January’s Cattle on Feed report was released in February due to the government shutdown, and it contained a surprise or two.
As of Jan. 1, the inventory in feedlots with a capacity of 1,000 head or more was up 1.7 percent from a year ago. Most analysts expected that number to be closer to 2.3 percent.
December placements were down 1.8 percent, while pre-report estimates believed placements would be up 2 percent.
“The reduction in placements is somewhat of a surprise given that the number of feeder cattle sold in the country in December was notably higher than a year ago,” economist Len Steiner and associates wrote in their Daily Livestock Report Feb. 25.
“Also, seasonally placements are higher in December, which likely influenced analyst estimates. Poor feedlot conditions negatively impacted placements during much of November and December and appear to have affected the placement rate.”
This represents the fourth consecutive month of lower placements over year-ago numbers.

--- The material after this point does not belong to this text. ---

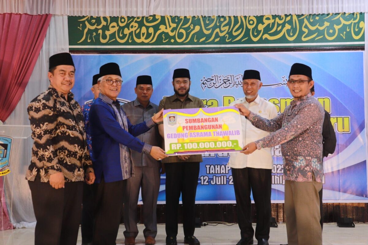 Sementara anggota DPR RI asal Sumatera Barat H Guspardi Gaus menyerahkan sumbangan untuk kelanjutan pembangunan gedung asrama tersebut sebesar Rp 100 juta. Penyerahan sumbangan langsung diserahkan kepada Ketua Umum Yayasan Thawalib Abrar yang disaksikan langsung oleh Gubernur Mahyeldi Ansharullah, Walikota Padang Panjang Fadly Amran, Ketua DPRD Padang Panjang Mardiansyah, Kepala Kementerian Agama Padang Panjang Alizar Chan dan jajaran pengawas dan pengurus yayasan.
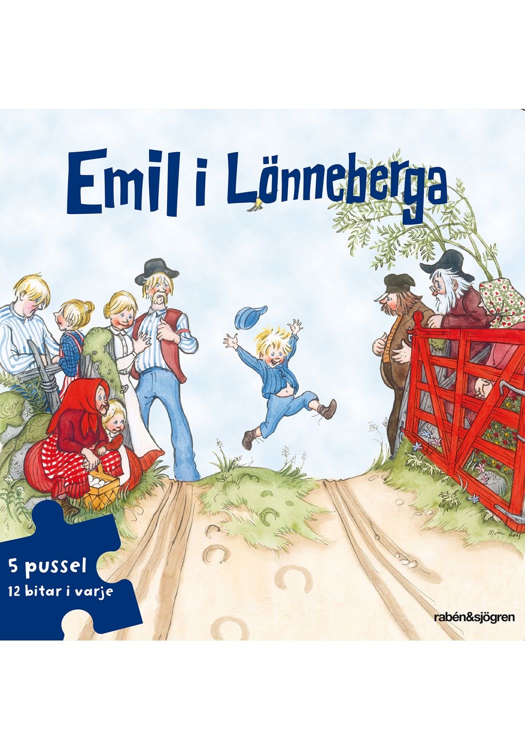 Illustratör: Björn BergPussla ihop bilder på Emil och de andra i Katthult. 5 pussel med 12 bitar i varje pussel. Välkända Emil-motiv i ett nytt, mindre format.

Placements during the September-December period were a combined 379,000 head under year ago levels, and this is expected to affect the supply of market-ready cattle that will be available this spring,” Steiner and associates said.
“Futures currently hold a significant spread between April/June and Aug./Oct., a spread that largely reflects the reality of lower placements in the fall and early winter and the likelihood of higher placements this spring against both late summer and fall months.”
With the smaller inventory, large supplies of cattle remain. This could partially be the reason for steady fed cattle prices, Steiner and associates said, despite poor feedlot conditions due to severe weather.
Cold storage inventory on Jan. 1 was up 0.3 percent for beef, pork and poultry, but remains nearly 7 percent higher than the five-year average.
Pork inventory in cold storage was up 3.1 percent from a year ago, with beef stocks up 1.6 percent from a year ago. Chicken and turkey stocks were up just over a half percent, but 12.2 percent above the five-year average.